In their latest report, IDG and the pros behind Carbonite + Webroot spoke with 300 global IT professionals to learn the current state of phishing. We learned that 93% of IT executives are still concerned about phishing – and it’s no wonder, as companies averaged 28 attacks each over the previous 12 months.
Luckily, the report details how to fight back. With the right preparation and the right protection, companies can prevent all but 0.3% of attacks.
Phishing capitalizes on COVID
Phishing attacks have been part of the cybercriminal arsenal for years. But it’s only recently that phishing has flourished into the scourge it is today. That’s because cybercriminals have found success by targeting COVID-19 fears with their schemes.
In fact, phishing attacks spiked by 510% from just January – February 2020, according to the 2021 Threat Report. These increases leveled off by the summer, but phishing attacks still increased 34% from September – October 2020. Overall, 76% of executives report that phishing is still up compared to before the pandemic.
COVID-based tactics might purport to have new info on a shutdown, to share COVID stats or even suggest info from your doctor. But in each case, cybercriminals are looking to steal your information.
Who’s getting attacked?
IT departments are feeling the brunt of these attacks, with 57% of them targeted by phishing. Carbonite + Webroot Sr. Security Analyst Tyler Moffitt says, “Even if malware targets someone with lower-level access, the attack will move laterally to eventually find an IT administrator.”

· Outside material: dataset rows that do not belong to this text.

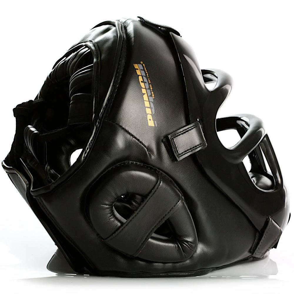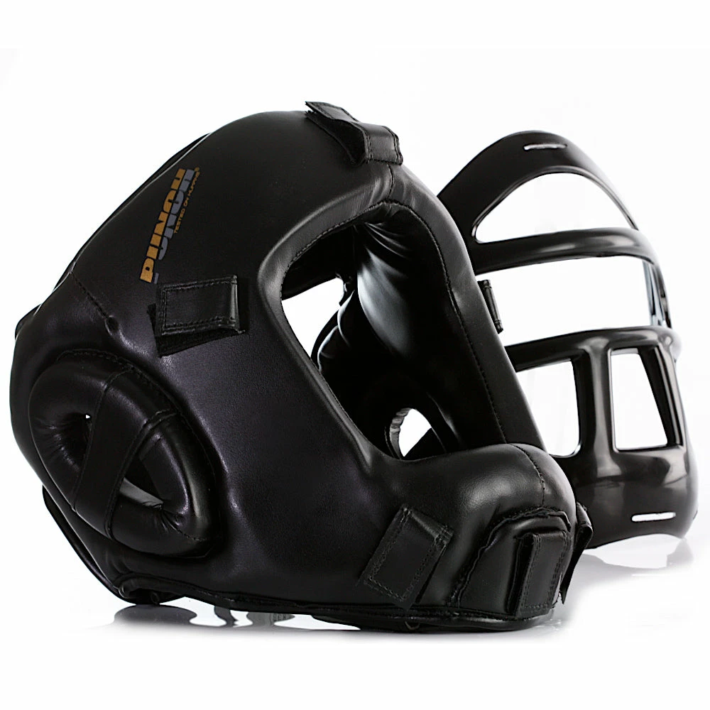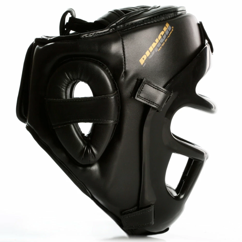 This headgear incorporates a removable cage shield to protect the user from light strikes to the face.
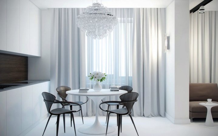 - بالنسبة للديكور الداخلي لمطبخ صغير متواضع وغرفة متوسطة الحجم (تصل إلى 10-12 مترًا مربعًا) ، يتم اختيار الطرز القابلة للطي بشكل تقليدي.
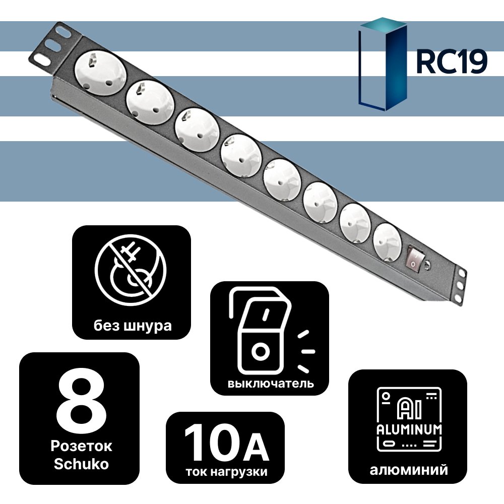 Описание и Характеристики RC19 PDU-EY01B-1U-KL-10А Блок евророзеток для 19" шкафов, горизонтальный, 8 розеток, 10 A, выключатель, клемный ввод_ купить недорого в интернет-магазине «Анбик»
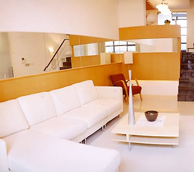 客厅和餐厅的过渡,让人在不同的空间得到放松。客厅和餐厅的结合是现代居室当中呈现的又一种趋势,此方案中在两个空间过渡区中用弧形门廊,并安置射灯使空间过渡显得别致自然,让整个居室空间遍洒温情。
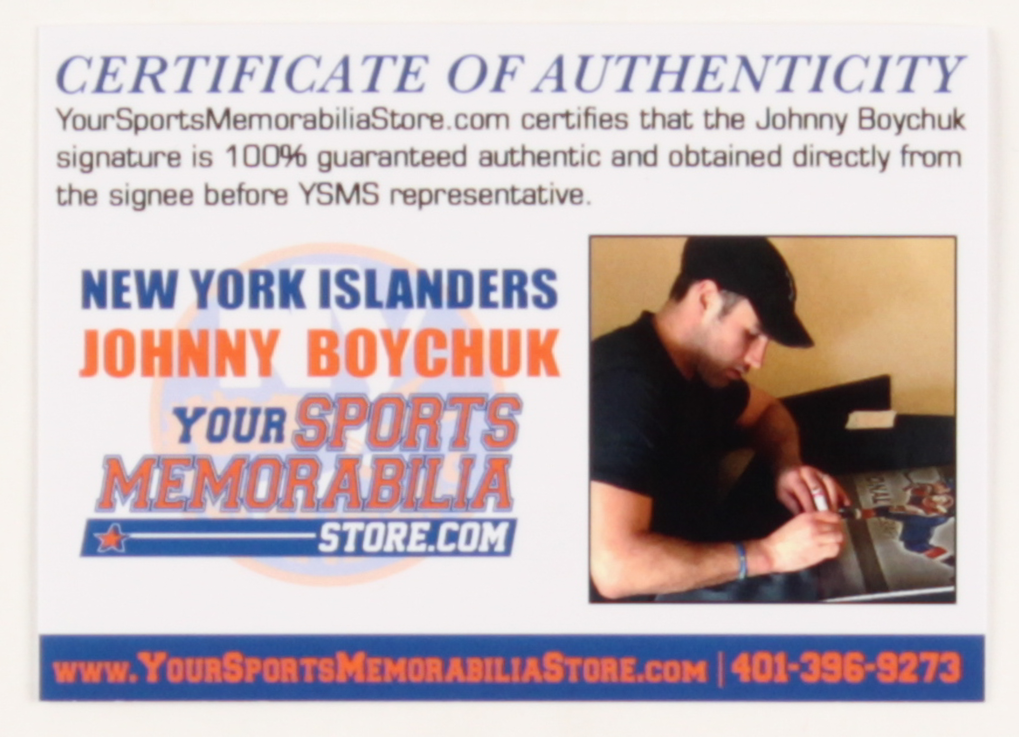 The lot / autograph(s) includes an official Your Sports Memorabilia Store Johnny Boychuk hologram and COA for authenticity purposes.

He goes on to say that attackers can then linger for a week or more to find valuable data or steal a balance sheet that gives an indication of how much ransom to charge.
Because they often have important credentials, top executives and finance groups are also common targets. Public-facing customer service employees also offer easy access.
Consequences of phishing
75% of global IT executives say they’ve suffered negative consequences from phishing attacks. That includes:
37% suffered downtime lasting more than a day
37% suffered exposure of data
32% lost productivity
19% had to pay legal or regulatory fines
A layered approach to security
But it’s not all bad news. Yes, phishing is using new tactics to target businesses. But there are ways to fight back.
The report cites training as one of the most effective tools. But the frequency of training varies greatly, and 25% of those who use it don’t include phishing simulations. By using security awareness training that offers regular simulations, you can reduce phishing by up to 70%.
But even with great training, the report notes that people will still click some of the time. That’s why a multi-layered approach gives peace of mind that not all is lost if one person messes up.
No layer is 100% effective, but taken together many layers get very close. A defense in depth security posture utilizing DNS and endpoint detection as well as a sound backup strategy can give you confidence that you’re prepared to withstand even a successful phishing attack.